(Dataset)
Segment Open
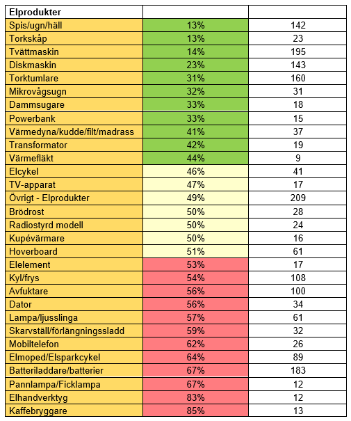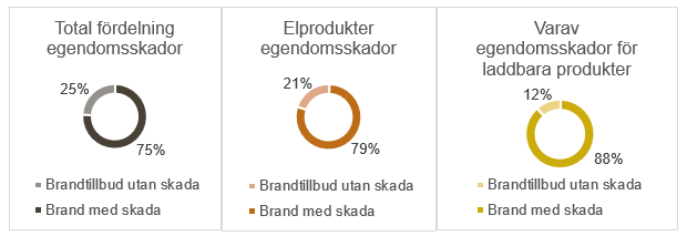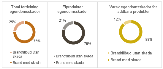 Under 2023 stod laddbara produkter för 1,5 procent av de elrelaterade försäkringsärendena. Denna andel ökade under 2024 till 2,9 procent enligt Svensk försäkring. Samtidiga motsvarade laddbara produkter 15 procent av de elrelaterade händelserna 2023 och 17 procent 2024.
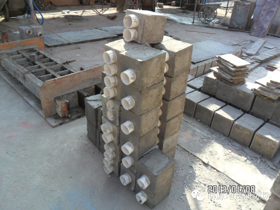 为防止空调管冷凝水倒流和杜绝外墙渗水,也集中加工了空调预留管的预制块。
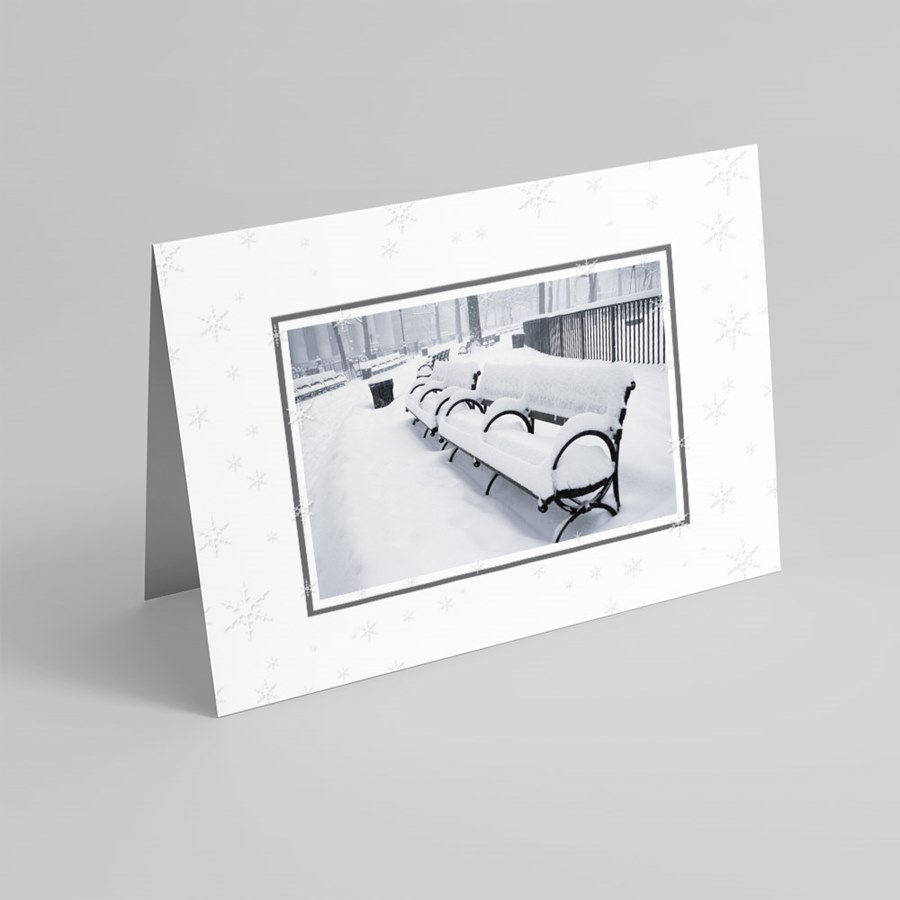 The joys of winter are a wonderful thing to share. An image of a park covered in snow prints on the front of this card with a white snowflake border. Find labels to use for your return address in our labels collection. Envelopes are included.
Segment Closed
Segment Open
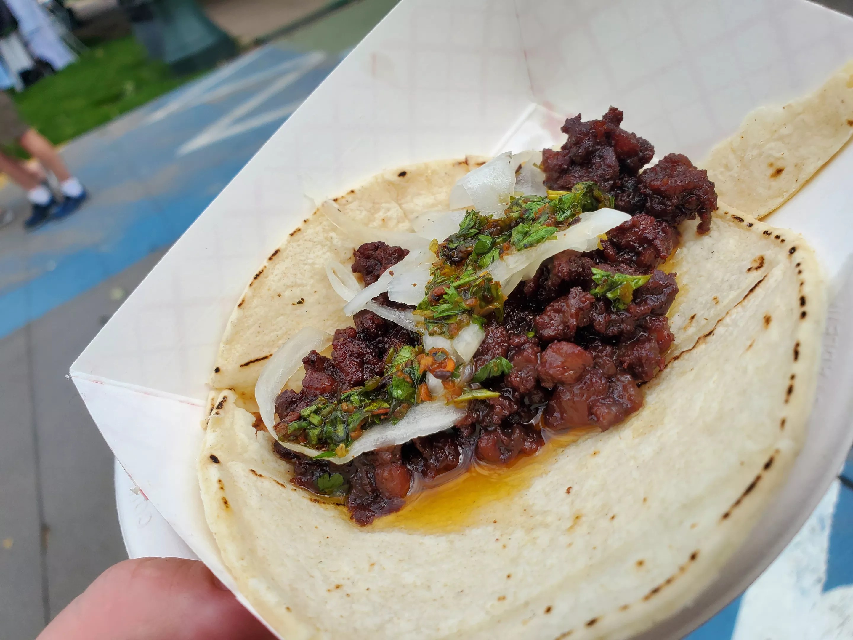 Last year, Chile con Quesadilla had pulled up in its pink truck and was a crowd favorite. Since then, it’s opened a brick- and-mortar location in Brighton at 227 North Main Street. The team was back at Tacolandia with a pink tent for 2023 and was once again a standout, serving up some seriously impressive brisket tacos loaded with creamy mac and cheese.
Segment Closed
(Your assignment) Between and including the line above that contains "Under 2023 stod" and the line that contains "为防止空调管冷凝水倒流和杜绝外墙渗水,也集中加工了空调预留管的预制块。", restate every line word for word. Pictures stay out.

(Reply to the exercise)
 Under 2023 stod laddbara produkter för 1,5 procent av de elrelaterade försäkringsärendena. Denna andel ökade under 2024 till 2,9 procent enligt Svensk försäkring. Samtidiga motsvarade laddbara produkter 15 procent av de elrelaterade händelserna 2023 och 17 procent 2024.
 为防止空调管冷凝水倒流和杜绝外墙渗水,也集中加工了空调预留管的预制块。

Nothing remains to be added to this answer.